Copy out the data word for word, without any of its pictures.
(DATA EXTRACT begins)
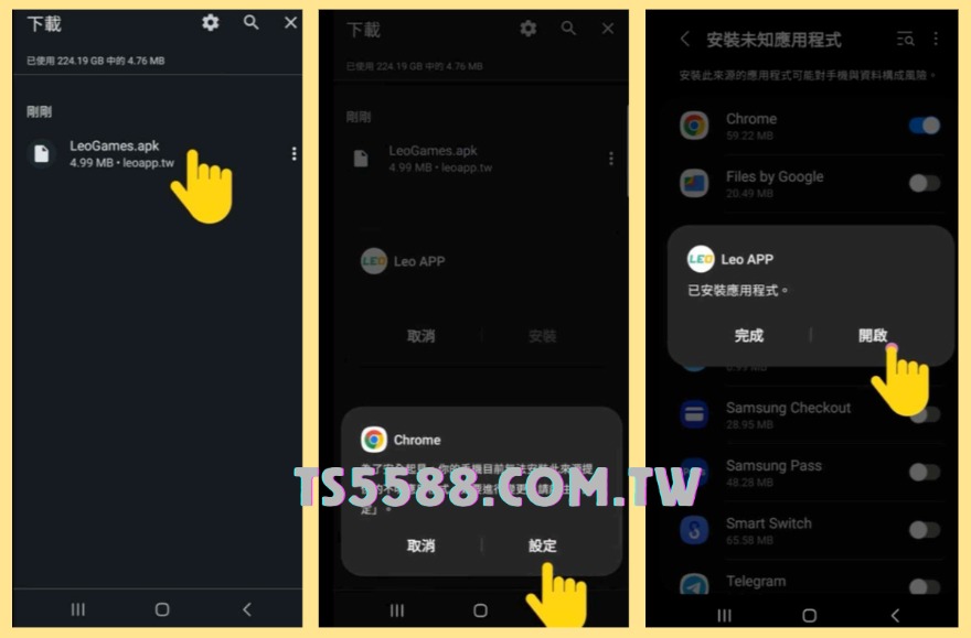 3.系統會提示您的手機目前無法安裝此來源提供的不明應用程式。請點擊「設定」進行變更。
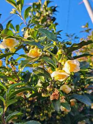咲き出した茶の花ですが
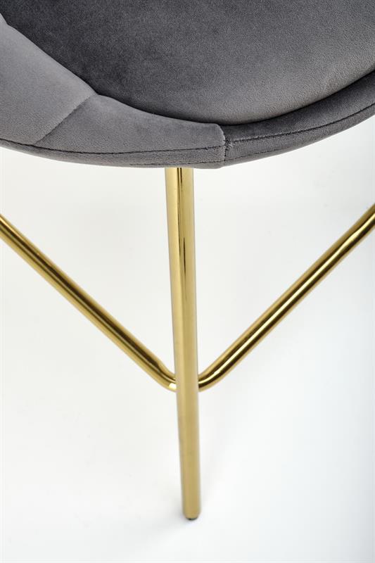 Hoker Alba to wyjątkowe połączenie elegancji, komfortu i nowoczesnego designu, które doskonale sprawdzi się w stylowych wnętrzach. Siedzisko wykonane z miękkiej tkaniny velvet w popielatym odcieniu BLUVEL 14 zapewnia wygodę i przyjemność użytkowania, a chromowana stalowa podstawa w złotym wykończeniu dodaje mu luksusowego charakteru.
(DATA EXTRACT ends)
→ TASK ANSWER
 3.系統會提示您的手機目前無法安裝此來源提供的不明應用程式。請點擊「設定」進行變更。
咲き出した茶の花ですが
 Hoker Alba to wyjątkowe połączenie elegancji, komfortu i nowoczesnego designu, które doskonale sprawdzi się w stylowych wnętrzach. Siedzisko wykonane z miękkiej tkaniny velvet w popielatym odcieniu BLUVEL 14 zapewnia wygodę i przyjemność użytkowania, a chromowana stalowa podstawa w złotym wykończeniu dodaje mu luksusowego charakteru.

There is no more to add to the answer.